Read more about Hattiesburg Clinic's "Targeting Value-based Care with Physician-led Care Teams."

Learn how the AMA is #FightingForDocs and access resources from the AMA Recovery Plan for America’s Physicians.

Speaker

  • Bryan Batson, MD, CEO, Hattiesburg Clinic

AMA Recovery Plan for America’s Physicians

After fighting for physicians during the pandemic, the AMA is taking on the next extraordinary challenge: Renewing the nation’s commitment to physicians. 

Unger: Scope of practice is a really important issue and it's a key part of the AMA's recovery plan for America's physicians, and that's why I'm really excited today to talk with Dr. Bryan Batson, CEO of Hattiesburg Clinic in Hattiesburg, Mississippi, about a study that demonstrates the value of physician-led, team-based care. I'm Todd Unger, AMA's chief experience officer in Chicago. Dr. Batson, it is a pleasure to have you with us today.

Dr. Batson: Thank you, Todd. It's great to be here.

Unger: Let's start off with a little bit of background about Hattiesburg Clinic. You've got a pretty incredible story that began with an analysis of cost data for your accountable care organization or ACO. So why don't you just start with a little bit of thinking behind your ACO structure. Any background on that you want to provide the audience out there?

Dr. Batson: Yeah. Hattiesburg Clinic, we really began our value-based journey before we started this study in 2016. In 2011, we converted to the Epic EMR, and began gathering our quality data. But around that time is when we started reporting quality data to CMS as well through the PQRS or GPRO program.

And the ACO, we entered into a Medicare ACO contract in January of 2016. As you said, our organization is physician owned and physician-run, so we're an independent organization. So we have been invested in value-based health care for many years.

Unger: What prompted this analysis that we're going to talk about in more detail for your ACO? And what were you looking at specifically?

Dr. Batson: Well, as an organization that was really focused on improving value-based health care for our patients and our community, the Medicare ACO journey was integral to that. And one of the great benefits in being part of the Medicare ACO is that you are given the raw claims data and the total cost of care. So we were very curious to find out internally where our costs were going for our Medicare ACO patients. And out of curiosity more than anything else, we—one of the first things we wanted to do was try to look at who our highest cost providers were in our system.

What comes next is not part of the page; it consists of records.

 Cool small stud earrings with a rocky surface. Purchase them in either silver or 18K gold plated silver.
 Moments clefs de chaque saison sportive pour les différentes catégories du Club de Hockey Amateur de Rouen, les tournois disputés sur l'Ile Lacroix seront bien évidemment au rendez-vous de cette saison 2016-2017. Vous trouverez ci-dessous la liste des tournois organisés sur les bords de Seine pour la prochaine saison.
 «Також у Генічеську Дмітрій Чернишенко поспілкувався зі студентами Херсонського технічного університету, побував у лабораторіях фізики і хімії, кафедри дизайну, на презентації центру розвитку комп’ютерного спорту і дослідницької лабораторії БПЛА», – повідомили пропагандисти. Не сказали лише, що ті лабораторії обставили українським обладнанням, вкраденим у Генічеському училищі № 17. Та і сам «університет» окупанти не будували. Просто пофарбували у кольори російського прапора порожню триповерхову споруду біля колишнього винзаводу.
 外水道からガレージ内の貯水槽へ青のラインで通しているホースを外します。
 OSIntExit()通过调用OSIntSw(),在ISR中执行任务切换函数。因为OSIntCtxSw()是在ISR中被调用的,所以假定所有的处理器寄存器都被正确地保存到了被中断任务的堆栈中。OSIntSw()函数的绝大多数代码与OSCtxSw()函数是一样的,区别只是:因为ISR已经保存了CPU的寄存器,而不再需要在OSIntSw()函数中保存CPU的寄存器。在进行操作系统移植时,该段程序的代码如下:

Unger: So let's talk about what you found. And were you surprised by the findings?

Dr. Batson: Well, I'll say we were surprised in some of the stark differences that we saw. One of the first passes we took it the information, and when we were looking at our claims data and our cost data on our Medicare ACO patients was to look at our top 10 providers, if you will. So those physicians and/or APPs that were among the higher in the group for cost for our Medicare ACO patients.

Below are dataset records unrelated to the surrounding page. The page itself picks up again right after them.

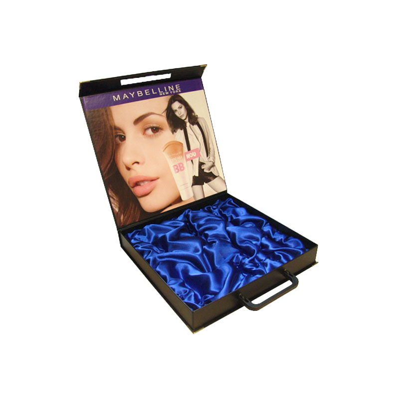 Cutie cu maner realizata din carton rigid, inchidere magnetica, conceputa pentru prezentarea si transportul elegant al produselor cosmetice. Exteriorul este finisat cu material tip imitatie piele, oferind un aspect premium si o rezistenta ridicata in utilizare. Interiorul este personalizat prin tipar policromie, iar produsul este fixat sigur intr-un suport din burete stantat, imbracat in saten, pentru protectie si impact vizual de lux.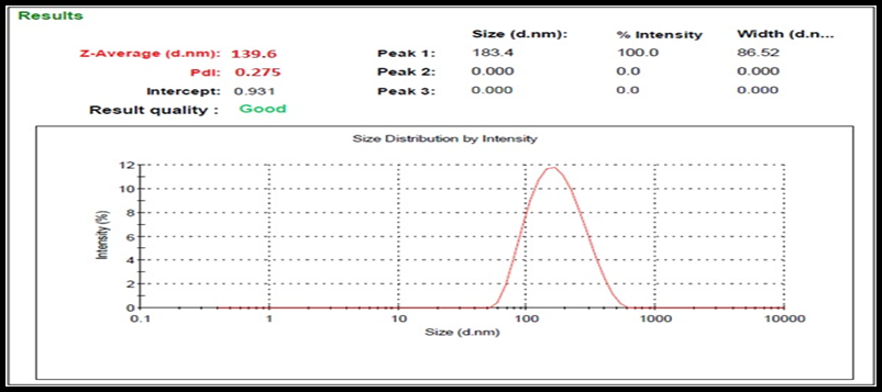 Particle suspensions and emulsions are stabilized by the columbic repulsive forces that keep the particles from aggregating in the colloidal state and maintaining the stability of the system. The zeta potential of-23.6 mV in the aforementioned optimized Tacrolimus transfersome formulation indicated the stability of the created transfersomal vesicles, which may be brought on by the presence of negatively charged phosphate and carbonyl groups in soy lecithin [35].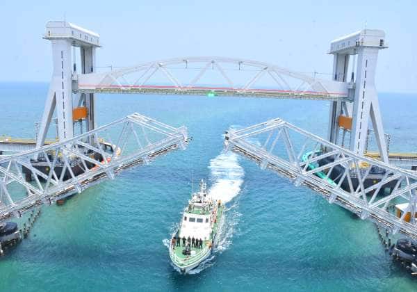 ராமேஸ்வரம் பாம்பன் புதிய பாலம் திறப்பு விழா யொட்டி இந்திய கடலோர காவல்படை ரோந்து கப்பல் பாலத்தை கடந்து சோதனை ஓட்டம் நடந்தது.

And what we found was that eight of our top costliest providers, if you will, were APPs or advanced practice providers. Four of our top five costliest providers were advanced practice providers. In that top five, the one physician who was in that group was a physician who was specifically running a clinic for Medicare highly complex patients in the geriatric age group and those patients who had the highest complexities of care. So seeing her in that group was not a surprise. But what was a surprise was to see the other four in that group being all advanced practice providers.

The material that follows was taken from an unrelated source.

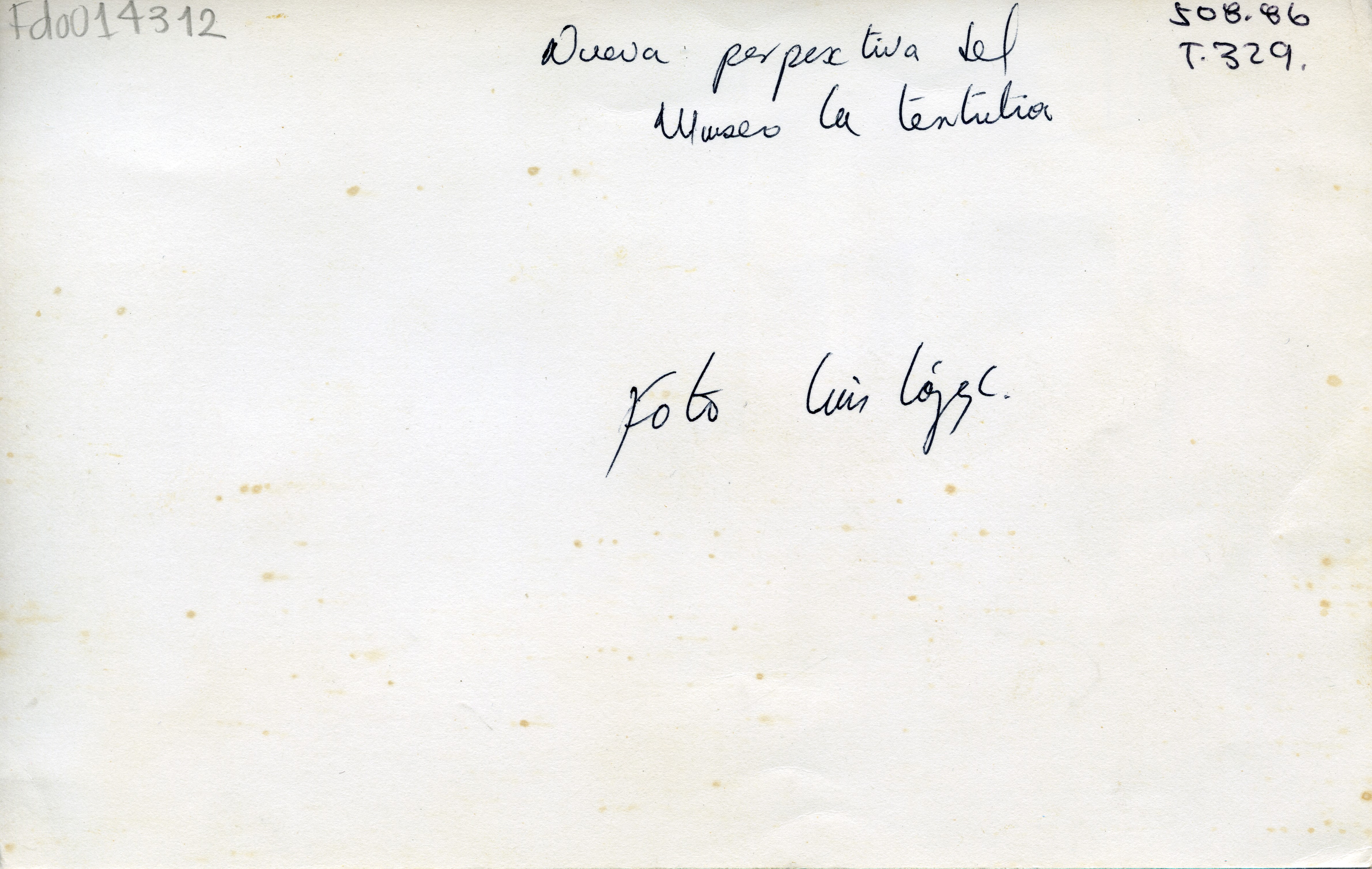 Aspecto del que en su momento fue el nuevo edificio del Museo de Arte La Tertulia. Al reverso de la fotografía dice: "Nueva perspectiva del Museo La Tertulia".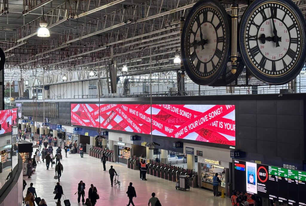 A cryptic question sprung up around London just before Valentine’s day, with the phrase ‘WHAT IS YOUR LOVE SONG?’ appearing on billboards around Waterloo Station, Tower Bridge and the Westfield Centre. The mysterious messages spread from the British capital city, all the way to Seoul and New York, with billboards in Seongsu Station, East Village, SoHo and Brooklyn, all posing the same romantically-inclined inquiry.

Unger: Were you surprised by that?

Dr. Batson: I will say we were enlightened is probably a better term. Hattiesburg Clinic, we're in Mississippi, a state that has one of the lowest physician-to-patient ratios in the country. So Hattiesburg Clinic had been on a journey over the 10, 15 years prior to joining the Medicare ACO where we're expanding our care teams and did so knowingly with the addition of advanced practice providers to our organization.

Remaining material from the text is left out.